Both of those configurations helped to create some great musical moments, but the reality for Voodoo is that its musical bread and butter—guitar-oriented rock—lost currency. In the last few years, Le Plur almost certainly outdrew the main stage, and it was only a matter of time before an electronic act plays the main stage. Buku, on the other hand, had no history of guitar rock and no need to service that fandom. Instead, it focused for the most part on cutting edge dance-oriented music that was its strength and the healthiest part of Buku.
Buku didn’t usher in the decline of guitar rock, nor did it change the competition Voodoo faced. In Voodoo’s early years, it was one of the few rock festivals in region, so if people in the Gulf South wanted to see Garbage in 2002, they traveled to Voodoo. When Eminem played in 2009, you saw him in New Orleans or you didn’t see him. Now there is a festival in Pensacola, Hangout in Gulf Shores (which returns this May with Post Malone, Fall Out Boy, Doja Cat, Halsey, Tame Impala, and Megan Thee Stallion), a few festivals in Houston and Atlanta, and ACL in Austin. And because Voodoo ends the summer festival season, people will have had multiple chances to see its headliners in other cities. Halloween in New Orleans became Voodoo’s primary selling point because it was the one thing other cities’ festivals couldn’t poach.

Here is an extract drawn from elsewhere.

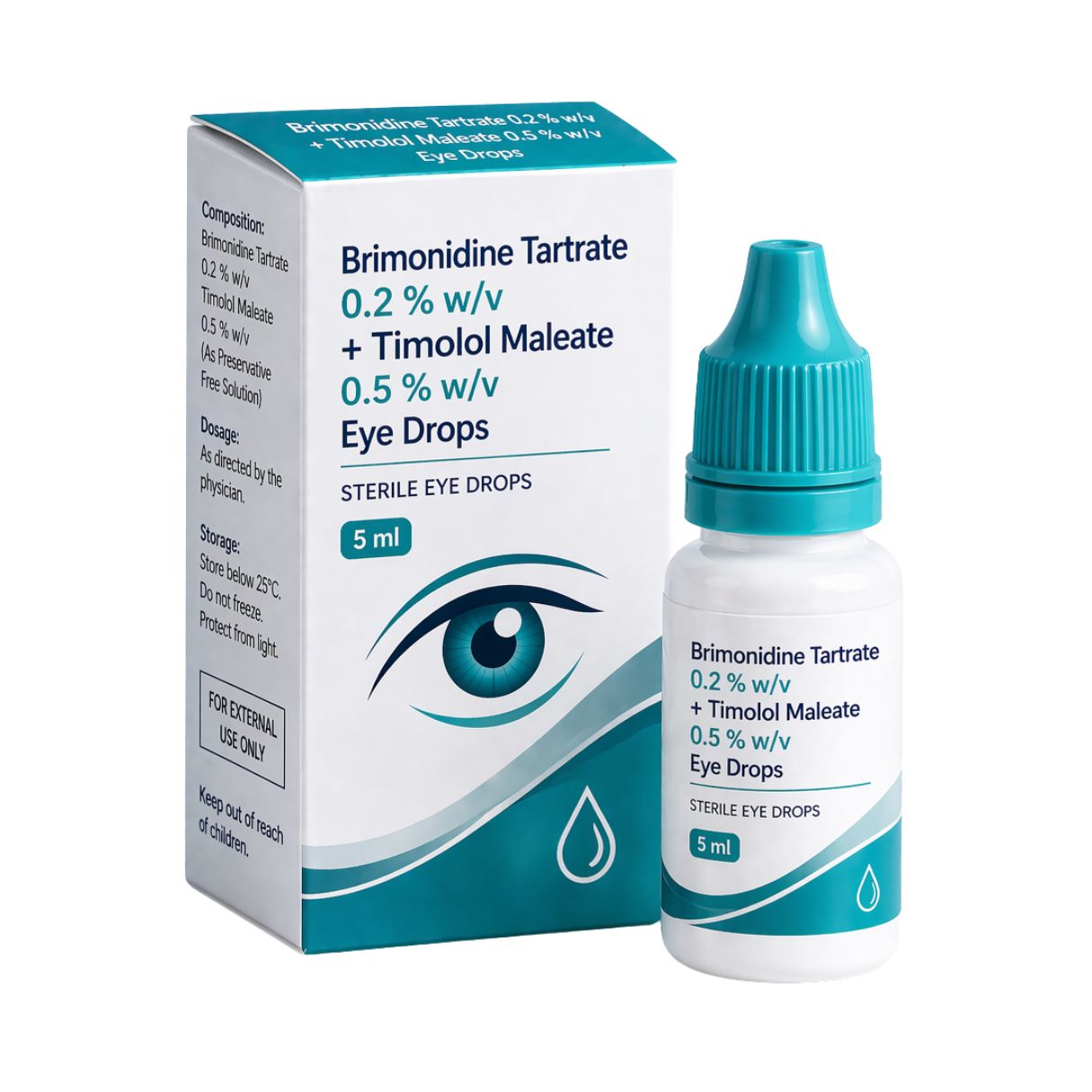Brimonidine tartrate 0.2% w/v + Timolol Maleate 0.5% w/v Eye Drops lower elevated intraocular pressure in patients with open-angle glaucoma and ocular hypertension. Brimonidine decreases aqueous humor production and improves its outflow, while Timolol further reduces fluid formation; therefore, this combination effectively controls eye pressure and helps protect vision. Additionally, it supports long-term optic nerve health and reduces the risk of progressive vision loss with regular use.

I hope the recent refunds are part of a strategy for recovery because I’ve seen some great moments at Voodoo. During a Stooges’ reunion tour, I saw Iggy Pop get in the face of a blasé Marilyn Manson fan and tell him, “You suck like the bands you like!” At Voodoo I’ve seen a transcendent Erykah Badu set, a surprisingly intense X set, and in recent years shows by Anderson .Paak and Lizzo that made clear that the hype wasn’t just hype. Florence and the Machine played a show in 2010 that won over a crowd—like me—ready to go see what Die Antwoord was all about. I could go on. Nine Inch Nails’ shows at Voodoo made me care about the band in ways its records never did, and Trombone Shorty’s set in front of Foo Fighters on the main stage suggested that his vision of Orleans Ave. as a rock funk band wasn’t just hopeful. While touring The Archandroid, Janelle Monae did “Tightrope” in front of 60 or so people on the ground at one of the side stages.
If Voodoo goes down, don’t assume any festival is safe, certainly not Jazz Fest. Everybody’s fans got two years off to discover that they don’t have to be tromping through New Orleans’ fields, lawns, and open spaces in search of live music and lukewarm beer. They got used to backs, knees, and feet that weren’t tired and achy at the end of a weekend. Jazz Fest’s audience got two years older, and for a festival that currently relies on its baby boomers, those years could make a difference. Will younger audiences see a festival that has catered to their moms and dads as their new musical home? The answer to that question isn’t clear.